* **Problem details**
Output the data below only from the line containing "The good news" up to and including the line containing "Vendo letto a", exact and with the pictures left out.

* **Collected data**
━━━━━━━━

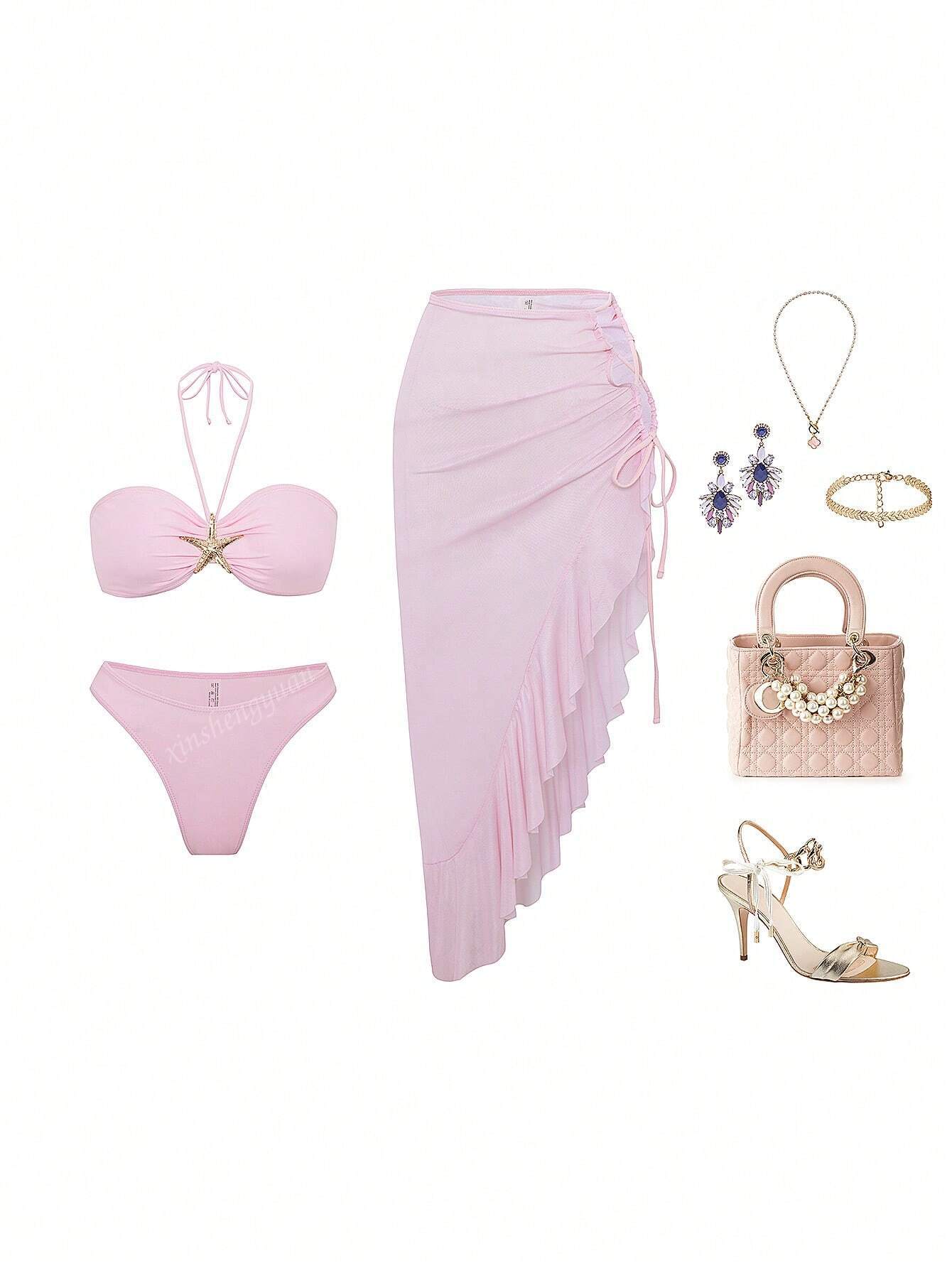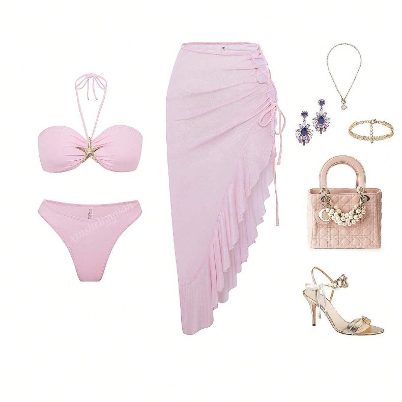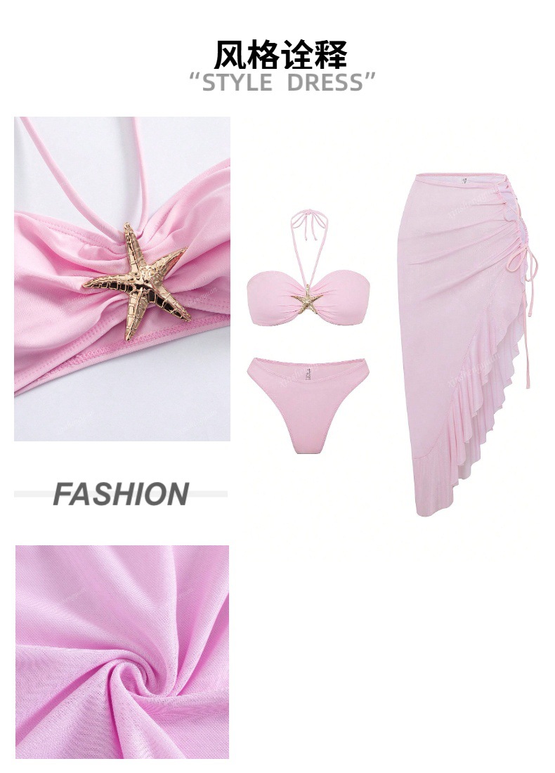 2026 유럽 및 미국 해변 휴가용 3피스 짧은 스커트 여성 수영복 비키니 수출용 섹시 분리형 비키니
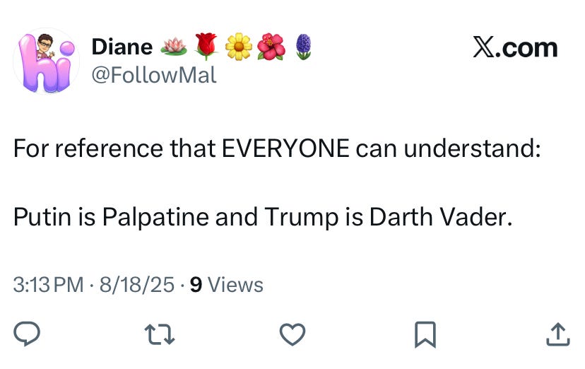 The good news is you still have time to avoid being a Putin ball-licker and enlist in the Ukrainian Army while there are plenty of Dark Side Nazi Dalek Death-Eater Russians to kill. The bad news is that that window may be closing fast. President Trump, animated by his businessman’s trust in deals, his vanity, and apparently his genuine awareness of his own mortality, is seeking peace. Some people doubt the prospects; I’m hopeful.
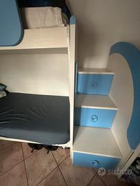 Vendo letto a castello moderno con struttura in legno verniciato, completo di scala a destra con cassetti integrati per lo spazio di archiviazione. Ideale per camerette, perfetto per bambini o ragazzi. Condizioni ottime, pronto all’uso. Disponibile per ritiro. Ci sono anche i cassetti sotto il letto come nell ultima foto. Contattami per maggiori dettagli!
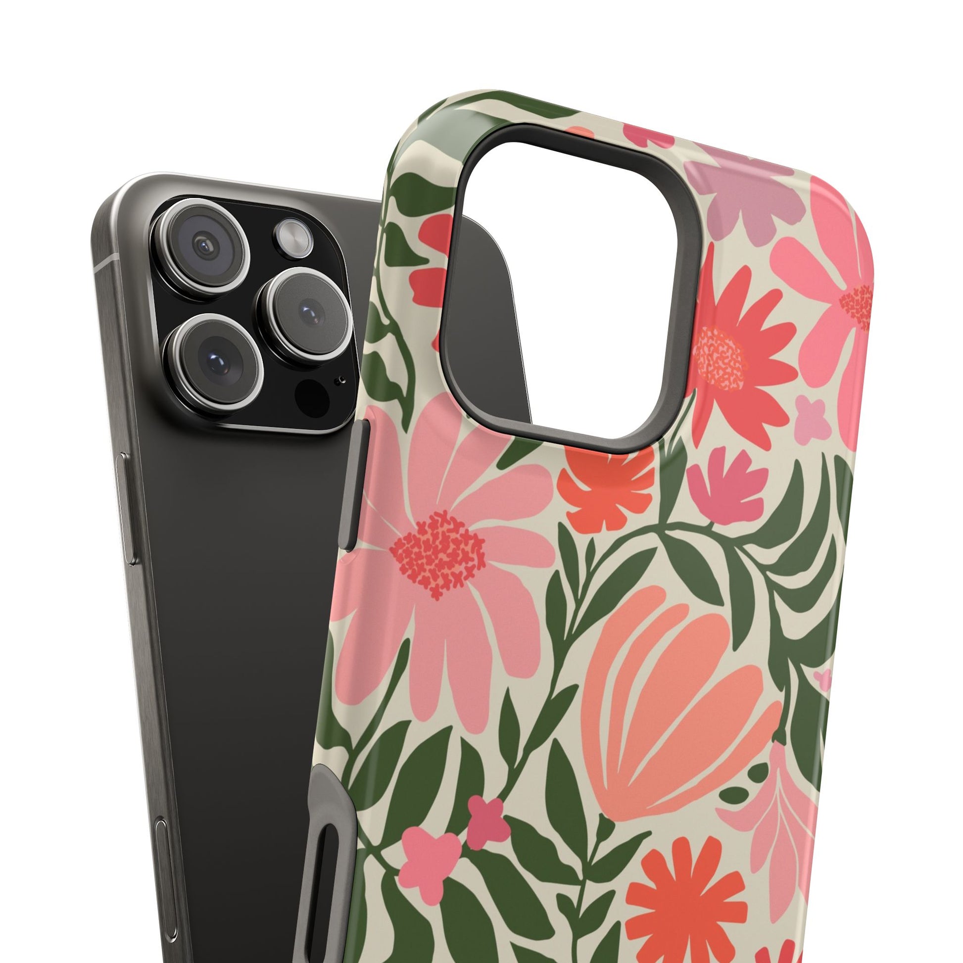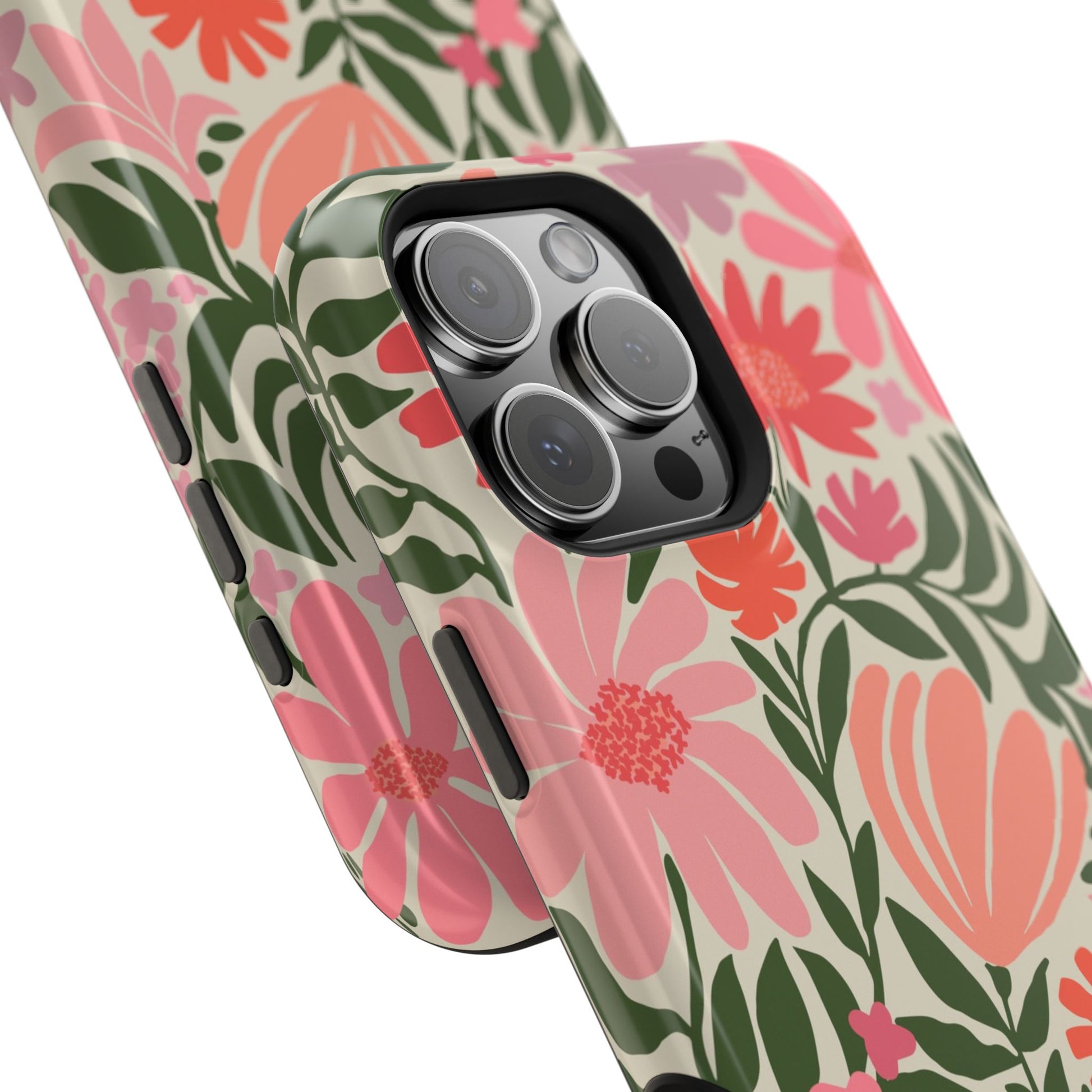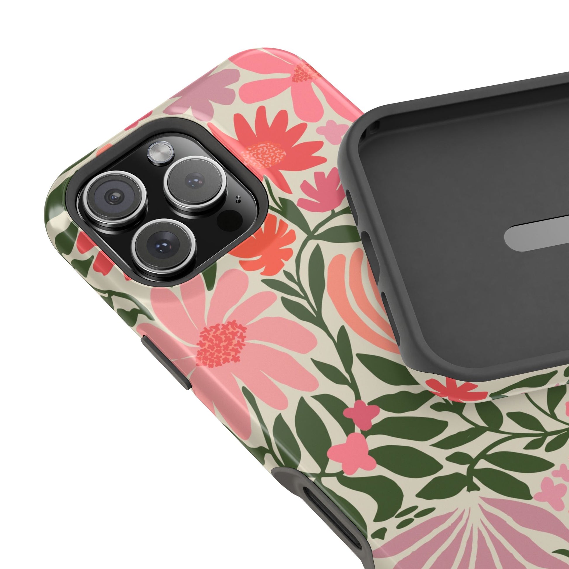 The Botanica iPhone Magsafe case elegantly combines contemporary design with refined tropical floral patterns, offering a modern yet timeless aesthetic.

━━━━━━━━

* **Response area**
 The good news is you still have time to avoid being a Putin ball-licker and enlist in the Ukrainian Army while there are plenty of Dark Side Nazi Dalek Death-Eater Russians to kill. The bad news is that that window may be closing fast. President Trump, animated by his businessman’s trust in deals, his vanity, and apparently his genuine awareness of his own mortality, is seeking peace. Some people doubt the prospects; I’m hopeful.
 Vendo letto a castello moderno con struttura in legno verniciato, completo di scala a destra con cassetti integrati per lo spazio di archiviazione. Ideale per camerette, perfetto per bambini o ragazzi. Condizioni ottime, pronto all’uso. Disponibile per ritiro. Ci sono anche i cassetti sotto il letto come nell ultima foto. Contattami per maggiori dettagli!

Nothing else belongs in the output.